» Excerpted records

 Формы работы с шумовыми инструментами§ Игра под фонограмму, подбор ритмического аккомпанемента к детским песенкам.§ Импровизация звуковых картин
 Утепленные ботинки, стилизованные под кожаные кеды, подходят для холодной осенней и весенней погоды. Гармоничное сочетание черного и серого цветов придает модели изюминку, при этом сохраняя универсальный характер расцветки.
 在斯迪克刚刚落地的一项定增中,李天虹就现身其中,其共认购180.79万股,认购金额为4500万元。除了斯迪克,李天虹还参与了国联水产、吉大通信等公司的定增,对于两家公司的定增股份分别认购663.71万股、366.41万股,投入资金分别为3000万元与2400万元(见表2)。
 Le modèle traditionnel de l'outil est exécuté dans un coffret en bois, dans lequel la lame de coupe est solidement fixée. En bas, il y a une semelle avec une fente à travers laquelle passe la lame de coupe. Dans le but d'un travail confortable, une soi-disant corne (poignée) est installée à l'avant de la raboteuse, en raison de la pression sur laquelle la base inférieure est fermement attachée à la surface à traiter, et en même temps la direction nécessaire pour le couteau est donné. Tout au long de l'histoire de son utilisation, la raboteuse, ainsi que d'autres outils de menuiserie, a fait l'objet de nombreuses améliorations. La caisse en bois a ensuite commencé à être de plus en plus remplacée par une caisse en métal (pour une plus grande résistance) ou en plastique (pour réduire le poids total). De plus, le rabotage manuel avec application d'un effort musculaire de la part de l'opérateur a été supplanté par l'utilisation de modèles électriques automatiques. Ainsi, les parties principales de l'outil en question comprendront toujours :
--
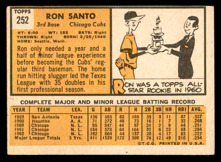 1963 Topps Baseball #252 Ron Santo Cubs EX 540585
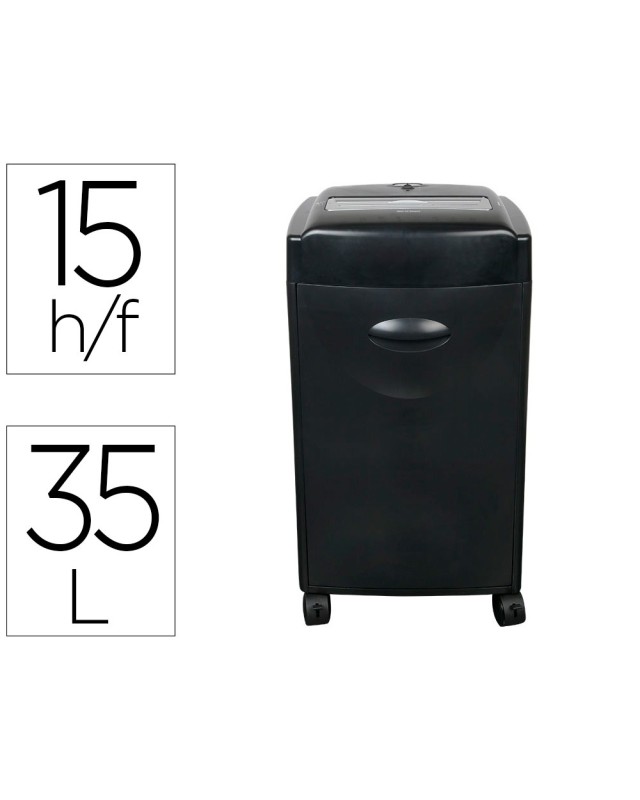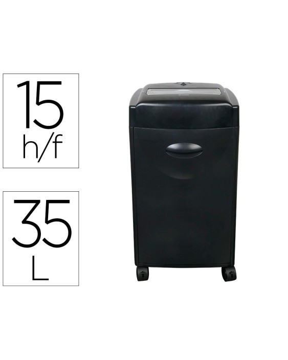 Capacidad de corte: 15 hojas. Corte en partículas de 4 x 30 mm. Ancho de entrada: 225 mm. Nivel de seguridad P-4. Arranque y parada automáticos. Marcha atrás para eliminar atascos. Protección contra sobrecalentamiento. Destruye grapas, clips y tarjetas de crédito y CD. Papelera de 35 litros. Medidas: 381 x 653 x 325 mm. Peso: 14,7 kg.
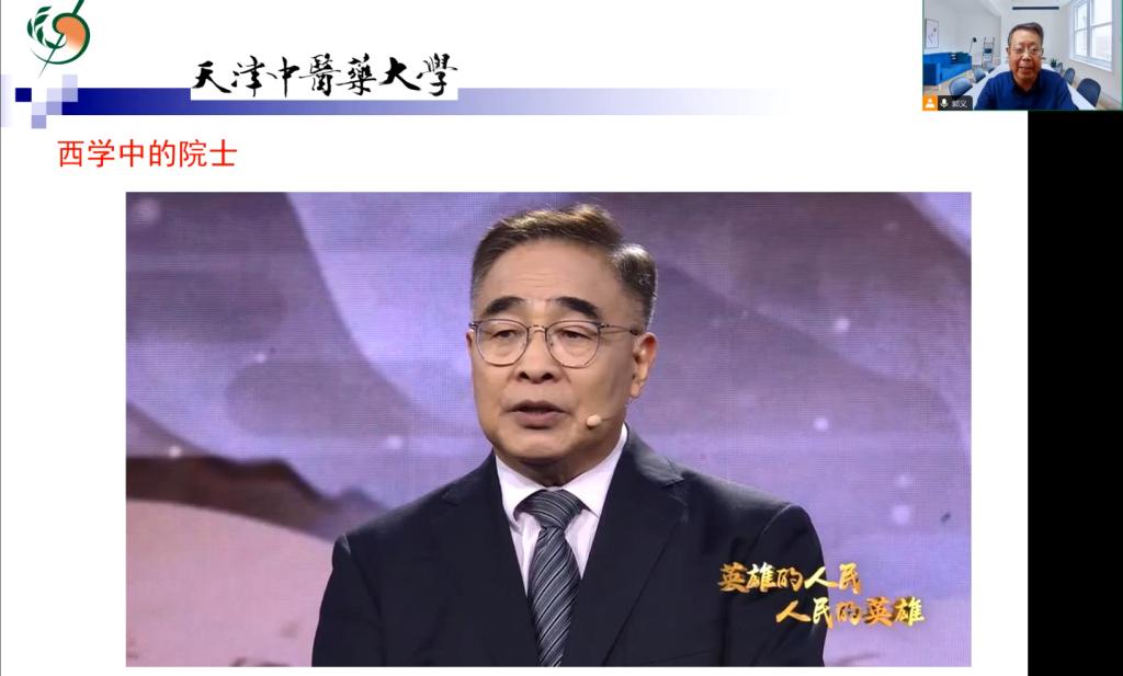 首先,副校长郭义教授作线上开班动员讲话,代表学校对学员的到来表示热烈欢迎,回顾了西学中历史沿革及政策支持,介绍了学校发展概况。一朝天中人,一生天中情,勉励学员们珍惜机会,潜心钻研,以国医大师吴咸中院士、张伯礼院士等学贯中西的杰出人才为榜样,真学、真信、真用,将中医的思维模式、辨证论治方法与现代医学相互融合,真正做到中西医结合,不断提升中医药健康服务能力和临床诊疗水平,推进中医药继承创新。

» What is expected
From the records above, give again only the part that opens with the line containing "1963 Topps Baseball" and closes with the line containing "首先,副校长郭义教授作线上开". Keep both ends but drop the pictures.

» Solution to the problem
 1963 Topps Baseball #252 Ron Santo Cubs EX 540585
 Capacidad de corte: 15 hojas. Corte en partículas de 4 x 30 mm. Ancho de entrada: 225 mm. Nivel de seguridad P-4. Arranque y parada automáticos. Marcha atrás para eliminar atascos. Protección contra sobrecalentamiento. Destruye grapas, clips y tarjetas de crédito y CD. Papelera de 35 litros. Medidas: 381 x 653 x 325 mm. Peso: 14,7 kg.
 首先,副校长郭义教授作线上开班动员讲话,代表学校对学员的到来表示热烈欢迎,回顾了西学中历史沿革及政策支持,介绍了学校发展概况。一朝天中人,一生天中情,勉励学员们珍惜机会,潜心钻研,以国医大师吴咸中院士、张伯礼院士等学贯中西的杰出人才为榜样,真学、真信、真用,将中医的思维模式、辨证论治方法与现代医学相互融合,真正做到中西医结合,不断提升中医药健康服务能力和临床诊疗水平,推进中医药继承创新。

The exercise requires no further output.